Britain’s hidden religion

In last week’s NS a host of distinguished writers debated what place God should have in our society.

By Sholto Byrnes

A little while ago I telephoned Professor Antony Flew at his home in Reading. The philosopher once described as “the world’s most famous atheist” was having his lunch. Could I call back later? When I did, however, the great man was not exactly forthcoming. “Professor Flew,” I began, “I wonder if you would be willing to be interviewed for the New Statesman?” “I am old and decrepit,” replied the prof, “but my mind is still sharp. So my answer is no.” Click, brrrr.

The reason for Flew’s refusal, and his brevity, was not some curious dislike for the NS. The answer lies in the designation above. He may once have been described as “the world’s most famous atheist”, but no more. Flew caused a stir – made news around the world, in fact – in 2004, when it was reported that he now believed in God. There had already been rumours of his “conversion” three years previously, which he denied with a response titled: “Sorry to disappoint, but I’m still an atheist!” This time they were confirmed.

New scientific discoveries persuaded him, he said, “that intelligence must have been involved” in producing life. He later backtracked on the reasons for his change of heart, saying he had been misled by the evidence he’d been presented with, a statement that ­attracted some derision in humanist and philosophical circles. Which is why, I suspect, that at the age of 86, Flew doesn’t want to go into all this in depth again.

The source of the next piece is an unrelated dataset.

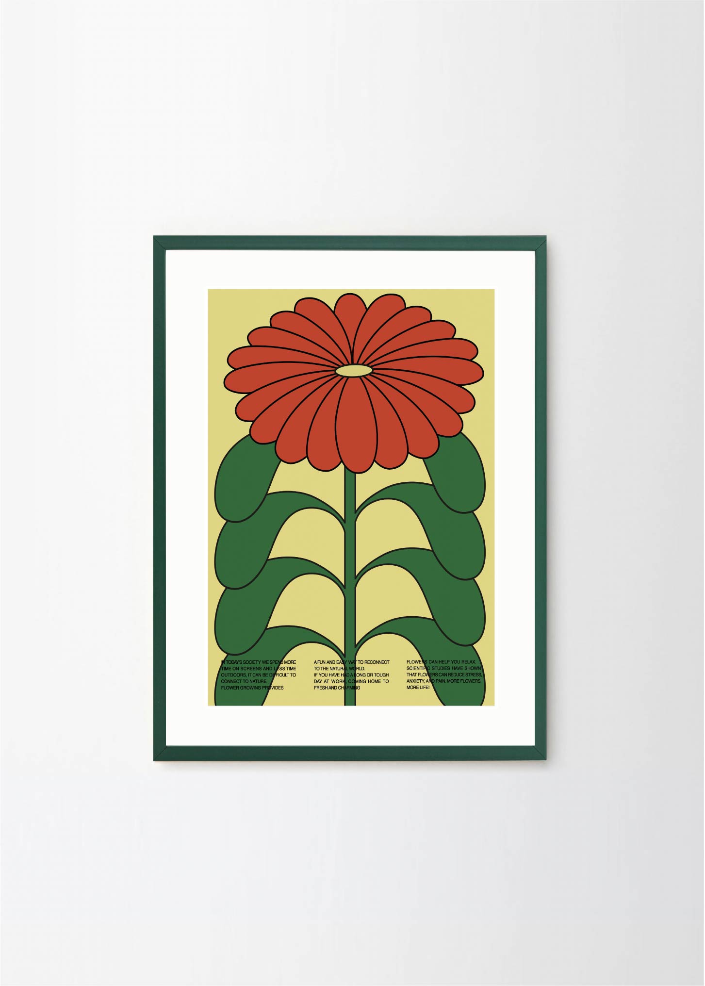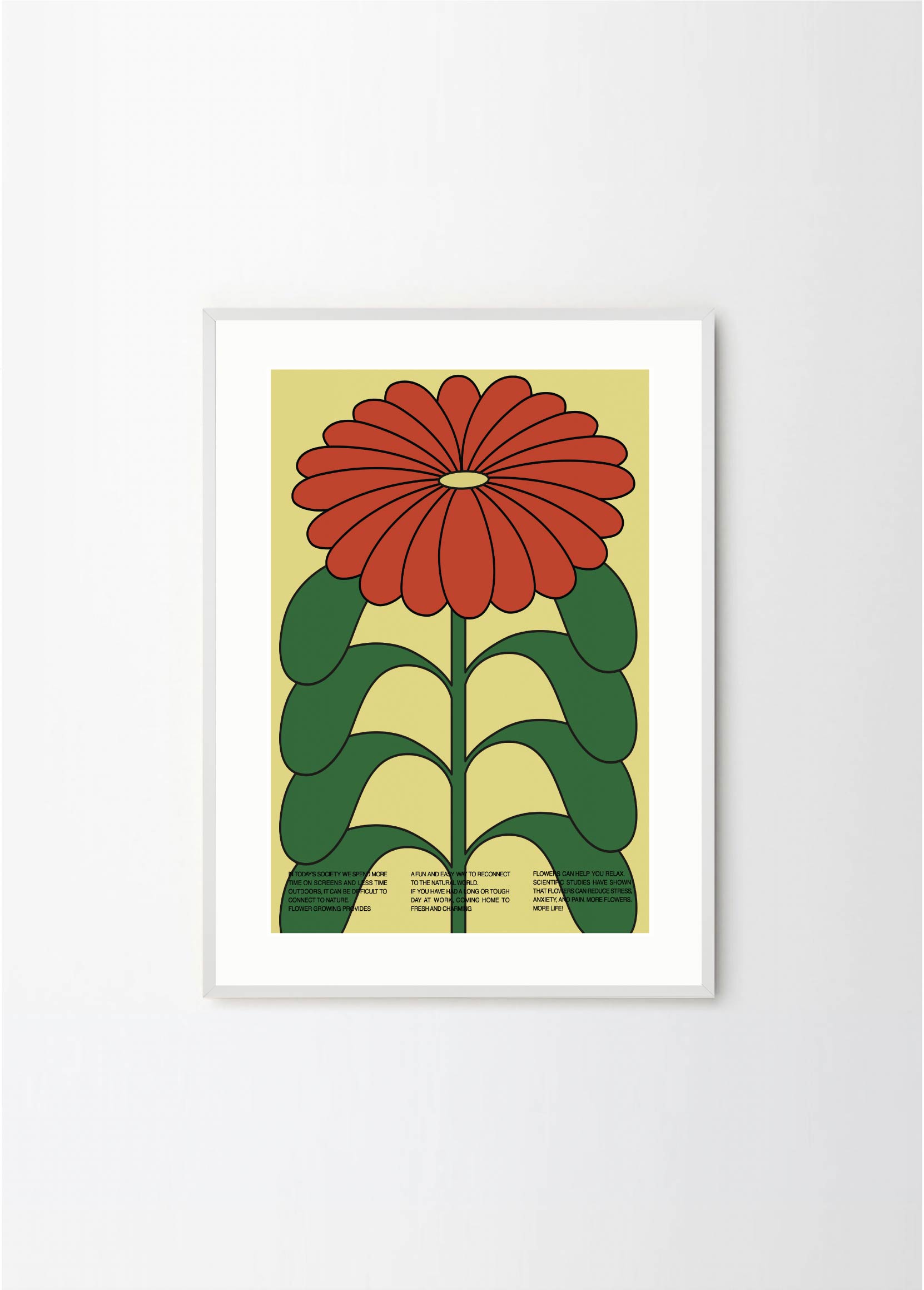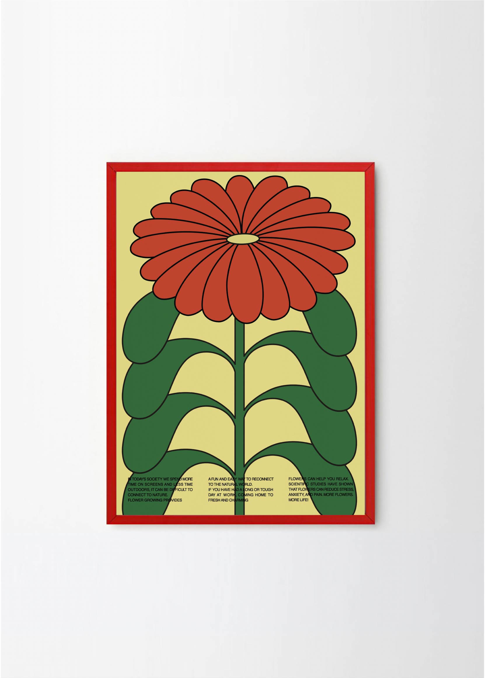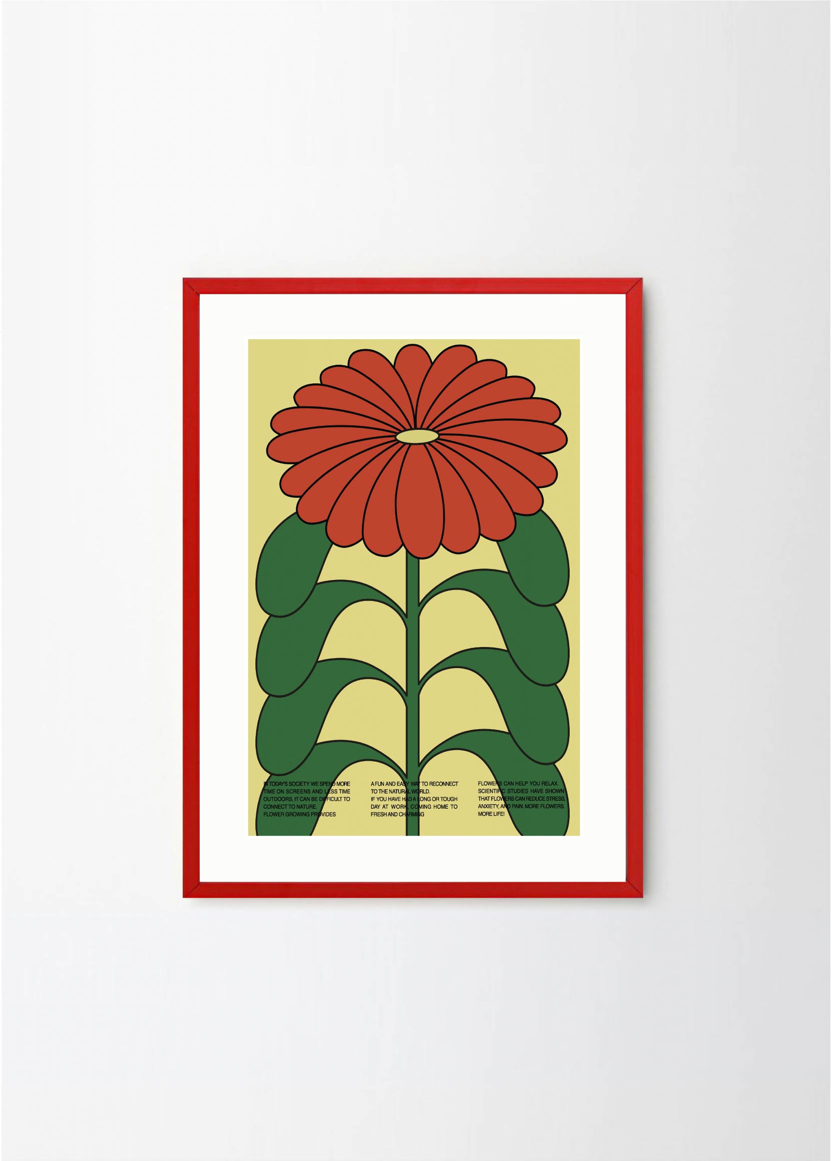 The artwork Big Flower depicts a red flower with a green stem and a yellow background in a portrait format. The red, yellow and green colors make Big Flower perfect for green, yellow or walnut colored frame, with or without passepartout.

He does, however, still believe in God – or, in his case, god. For Flew had become not a Christian, but a deist, a distinction the British Humanist Association correctly noted on its website, where it continued for a while to list him as a “distinguished supporter” with the regretful rider: “Professor Flew has recently become a deist. Nevertheless, we would like to thank him for his many years of support.”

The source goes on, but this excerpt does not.